TASK TO CARRY OUT ->
The response should consist of every line below, restated exactly, with no pictures.

GIVEN MATERIAL ->
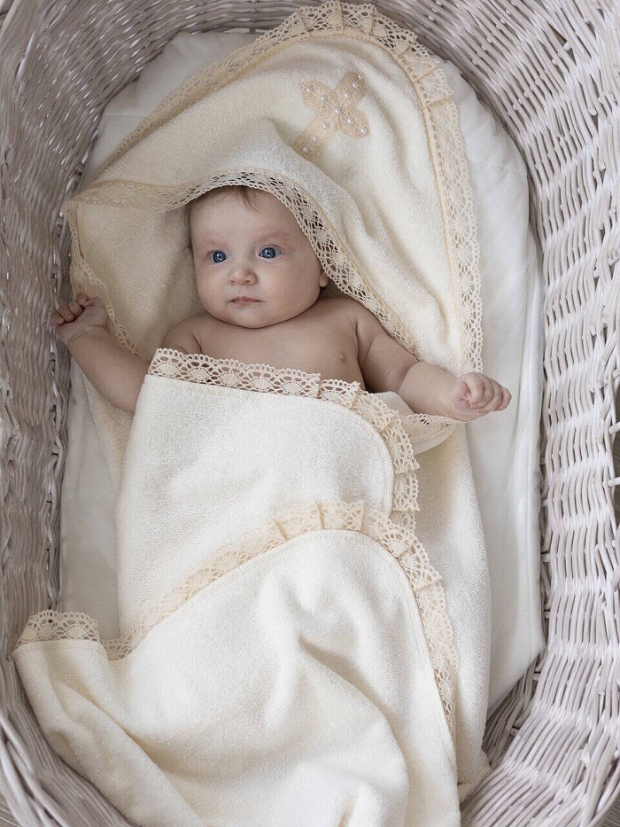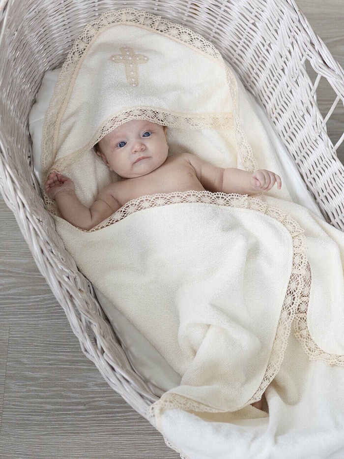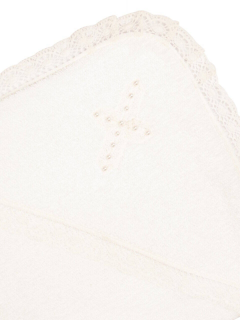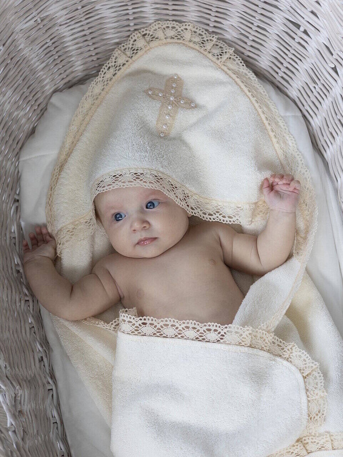 Роскошное полотенце с уголком для крещения выполнено из махрового полотна (100% хлопок). Отделка из изящного кружева. Капюшон-уголок украшен крестиком из кружева с жемчужинками.
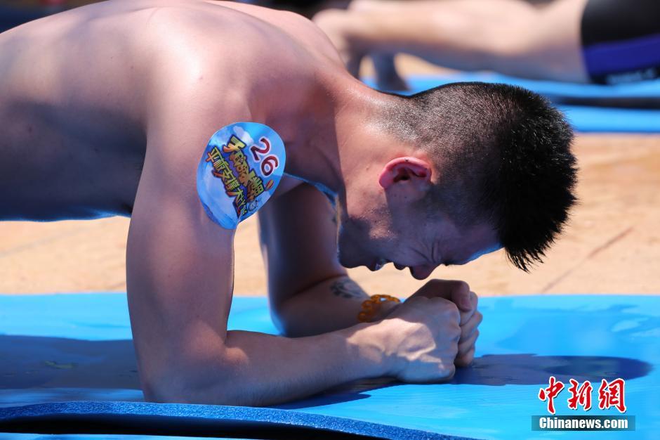 帅哥美女齐聚江苏溧阳天目湖 顶烈日挑战“平板撑”
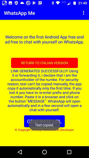 Commencez une discussion gratuitement avec vous-même sur WhatsApp.

TASK OUTPUT ->
 Роскошное полотенце с уголком для крещения выполнено из махрового полотна (100% хлопок). Отделка из изящного кружева. Капюшон-уголок украшен крестиком из кружева с жемчужинками.
 帅哥美女齐聚江苏溧阳天目湖 顶烈日挑战“平板撑”
 Commencez une discussion gratuitement avec vous-même sur WhatsApp.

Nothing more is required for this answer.